Over the next few months, and only on nights when the store was empty and the hum of the refrigerator wrapped the hours after close, she came back to him. He’d be frosting a cake or boxing orders for the next day—that’s when he’d hear her knock. She never baked or helped him with anything. She just sat on a stool licking the used spoons and telling stories, her black eyes glittering. She told him enough about Lynette that he felt as though he’d known the woman for years—she told him about her hometown, her brothers, her friends, and her first love, a man she swore she would’ve died for.

Eventually, George couldn’t help but wonder, and what about me? Does she talk about me like this to other people? He certainly wasn’t going to ask her—that would be crass, insecure. Maybe she loved him, he thought. Or maybe she just loved talking about herself, and that’s why she kept coming. He teased her for being so tortured, told her she was being self-indulgent, pathological. Why wasn’t it enough that these things had happened to her in the past, what exactly had she lost?

“Enough,” she’d said dreamily, savoring the word.

When she asked him to tell her stories from his past, he’d scrambled, realizing that his memories were more or less static, uncomplicated scenes: fishing off the dock with his brothers, his childhood room, the strawberry tea towels that hung in the kitchen. He didn’t think of them often, and if he did, it wasn’t with any sense of loss, or desire to go back in time. If anything, it was a comfort to remember that he had lived well, but that wasn’t interesting to talk about. Usually, he just felt deflated and awkward, like a big, flopping fish—you’re boring, that detail was a mistake. No wonder she doesn’t talk about you.  

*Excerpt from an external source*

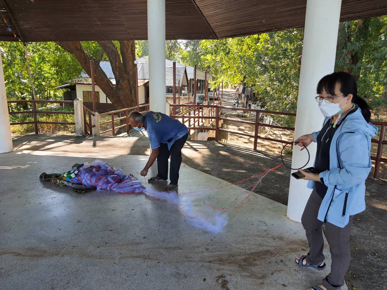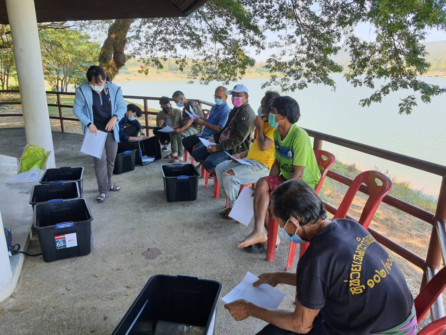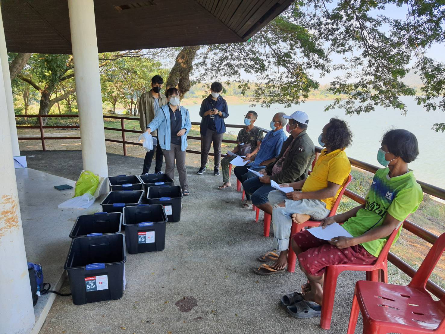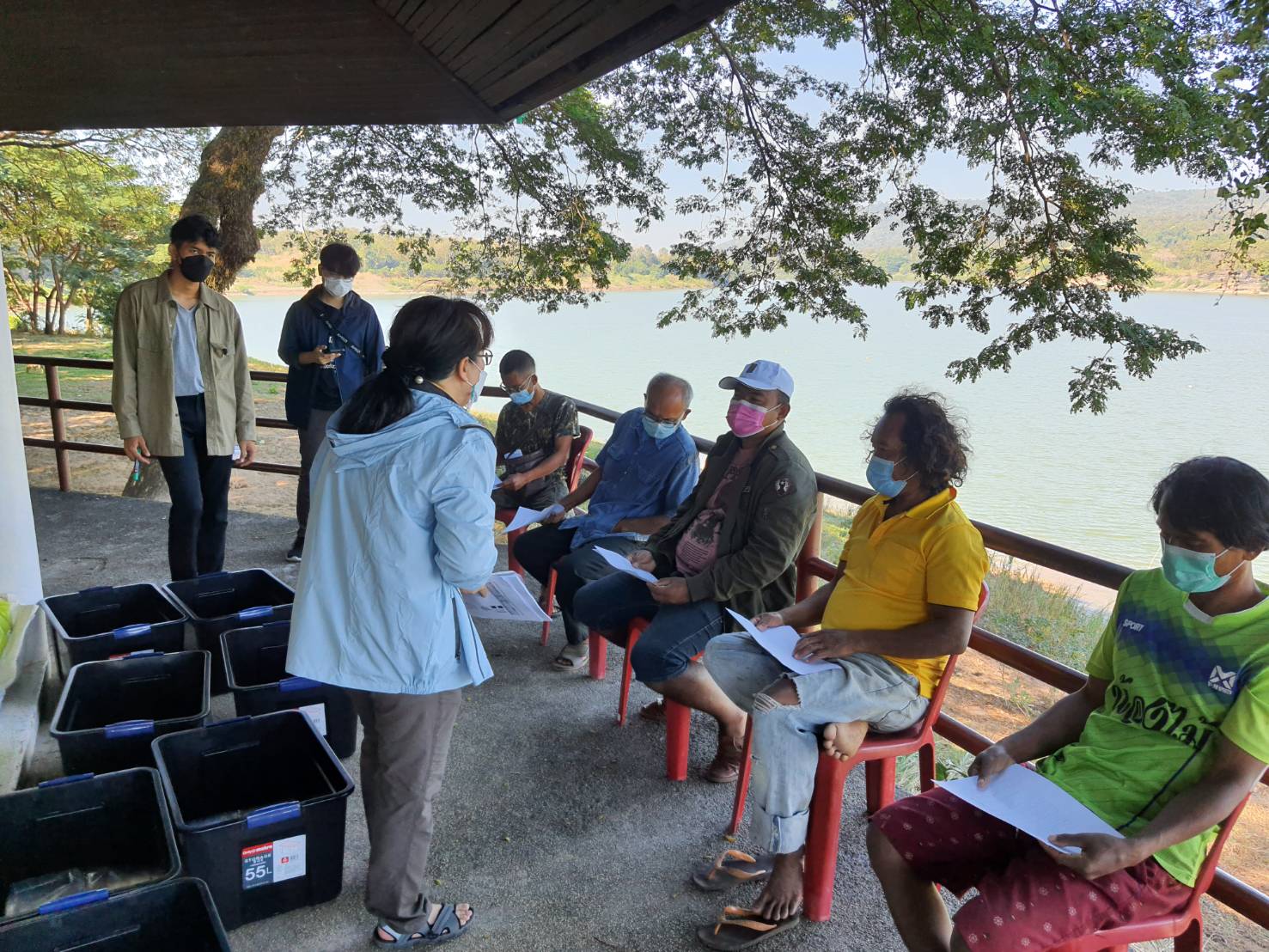 การลงพื้นที่บ้านเวินบึก ตำบลโขงเจียม อำเภอโขงเจียม จังหวัดอุบลราชธานี เพื่อพบกลุ่มชาวประมงและนำกล่องพลาสติกมาใส่ขยะที่ติดเครื่องมือประมงของชาวประมงในการทดลองงานวิจัยของมหาวิทยาลัยมหิดล

He was embarrassed by how excited he was for Hannah’s visits, how many times a day her name popped into his head, but he couldn’t help it. It was uncontrollable. The worst part was that she made no promises to him, and wasn’t consistent enough for him to leave it alone—just when he’d convinced himself that she was never coming back, she’d reappear and melt him all over again. You’re haunting me, he wanted to tell her. You live inside me, do you know that

One night, Hannah suddenly stopped talking in the middle of one of her stories. George looked up from the cake he was decorating and saw that she was staring at it, a funny expression on her face. Then she began to laugh, her lips pulled back over her sharp little teeth. George looked down—Hannah was piped across the top of the cake.

“Now you have to eat it,” she murmured. Horrified, George heaved the whole cake in the garbage. He looked at it for a moment, the smear of it on the black plastic bag, with shame coursing through him. Then he grabbed his coat and ran out of the store.

For weeks afterwards, she burned inside him with an intensity that made him drop his eyes when helping his customers. If anyone sensed a change in him, they didn’t let on—he even tried calling his mom, but she didn’t seem to understand the problem. “What is it that you want, George?” He didn’t have an answer for that. He wanted her back? He wanted to forget about her?

More than anything, he wanted someone to order a Hannah Barnes cake. No one ever did, of course, and he wasn’t going to make one just for himself. He wished he’d had someone to share her with…before he sent out each cake, he double checked to make sure he’d written the wrong name across the top.